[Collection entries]
-------

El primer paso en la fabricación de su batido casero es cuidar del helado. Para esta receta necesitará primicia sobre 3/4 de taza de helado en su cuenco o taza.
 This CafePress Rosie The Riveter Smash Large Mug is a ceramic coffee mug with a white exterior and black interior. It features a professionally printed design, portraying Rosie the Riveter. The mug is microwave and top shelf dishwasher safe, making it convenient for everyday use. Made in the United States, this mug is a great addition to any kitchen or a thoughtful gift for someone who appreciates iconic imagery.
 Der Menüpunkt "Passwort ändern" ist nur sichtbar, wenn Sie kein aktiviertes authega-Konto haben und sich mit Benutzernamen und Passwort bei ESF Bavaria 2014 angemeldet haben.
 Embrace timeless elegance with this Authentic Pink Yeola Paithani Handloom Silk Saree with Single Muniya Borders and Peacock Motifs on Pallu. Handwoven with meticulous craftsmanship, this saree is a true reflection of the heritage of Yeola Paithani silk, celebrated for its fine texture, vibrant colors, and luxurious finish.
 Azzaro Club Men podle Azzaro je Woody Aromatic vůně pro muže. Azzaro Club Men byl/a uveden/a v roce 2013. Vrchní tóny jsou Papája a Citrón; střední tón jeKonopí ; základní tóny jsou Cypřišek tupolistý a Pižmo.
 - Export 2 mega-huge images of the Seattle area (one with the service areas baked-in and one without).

-------

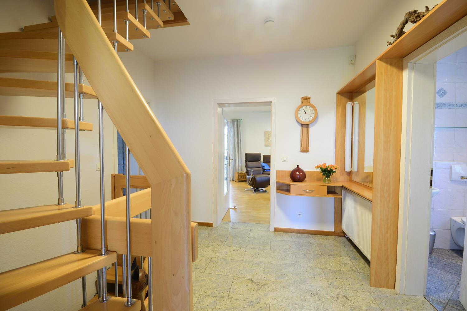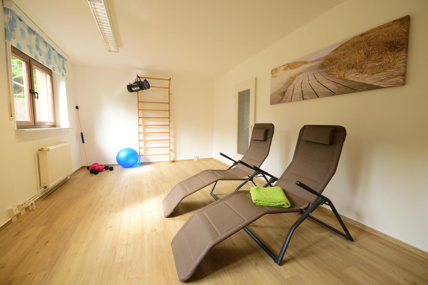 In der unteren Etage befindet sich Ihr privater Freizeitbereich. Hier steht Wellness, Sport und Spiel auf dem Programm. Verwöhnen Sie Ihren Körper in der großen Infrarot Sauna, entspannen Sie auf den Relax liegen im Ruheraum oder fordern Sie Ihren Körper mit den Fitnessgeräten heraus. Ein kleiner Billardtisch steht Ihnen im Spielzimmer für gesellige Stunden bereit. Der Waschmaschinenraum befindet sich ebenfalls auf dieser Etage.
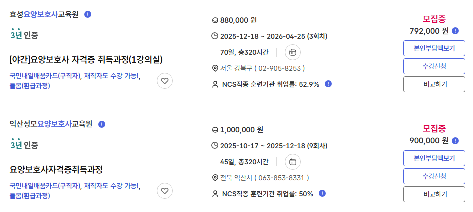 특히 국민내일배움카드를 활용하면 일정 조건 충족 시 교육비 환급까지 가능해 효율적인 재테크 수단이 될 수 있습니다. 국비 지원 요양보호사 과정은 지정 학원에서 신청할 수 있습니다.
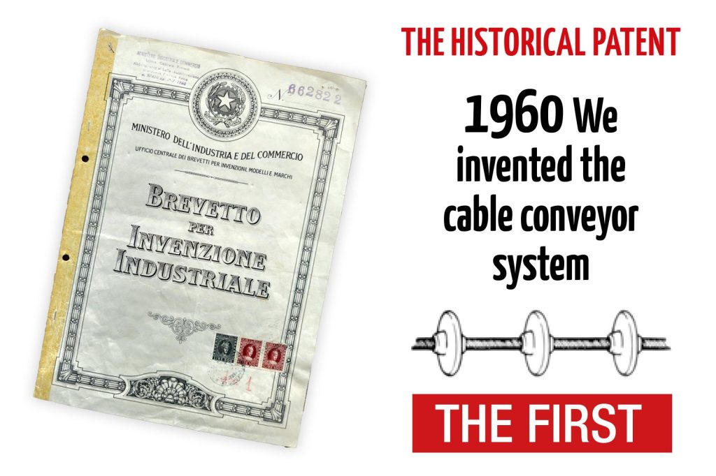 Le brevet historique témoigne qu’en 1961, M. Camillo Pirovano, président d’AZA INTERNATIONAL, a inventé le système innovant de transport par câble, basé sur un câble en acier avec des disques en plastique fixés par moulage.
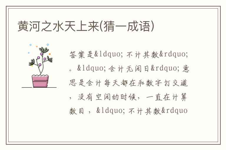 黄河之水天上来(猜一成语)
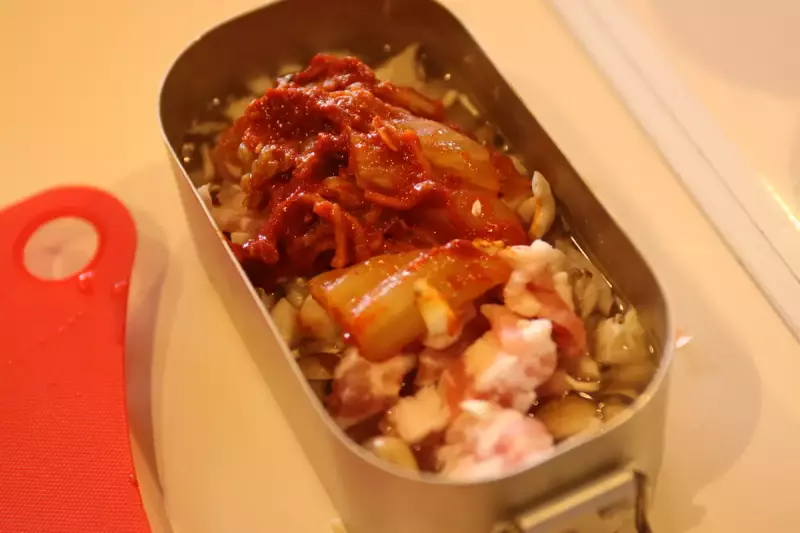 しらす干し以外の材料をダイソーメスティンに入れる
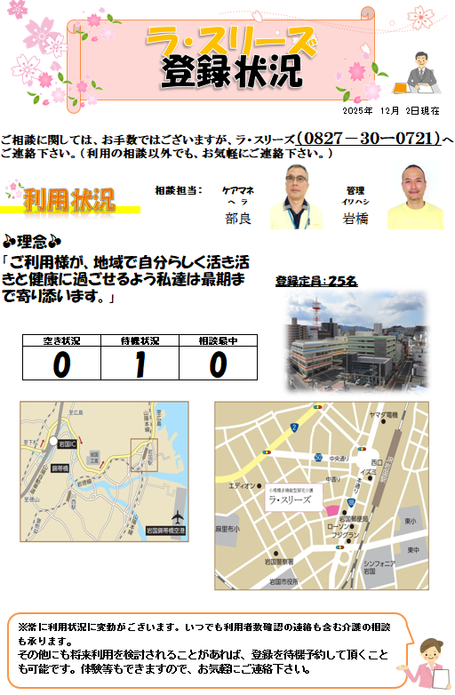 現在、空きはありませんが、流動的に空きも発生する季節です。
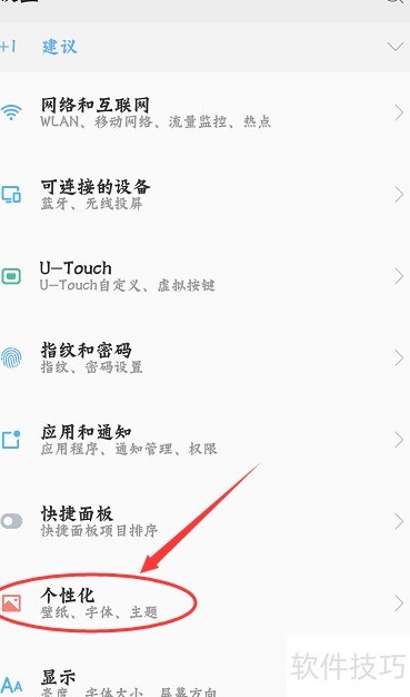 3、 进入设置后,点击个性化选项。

-------

TASK DETAILS – A word-for-word reproduction is needed of the lines above from the line containing "Le brevet historique" through the line containing "3、 进入设置后,点击个性化选项。", with both ends kept and no pictures.

YOUR RESPONSE –
 Le brevet historique témoigne qu’en 1961, M. Camillo Pirovano, président d’AZA INTERNATIONAL, a inventé le système innovant de transport par câble, basé sur un câble en acier avec des disques en plastique fixés par moulage.
 黄河之水天上来(猜一成语)
 しらす干し以外の材料をダイソーメスティンに入れる
 現在、空きはありませんが、流動的に空きも発生する季節です。
 3、 进入设置后,点击个性化选项。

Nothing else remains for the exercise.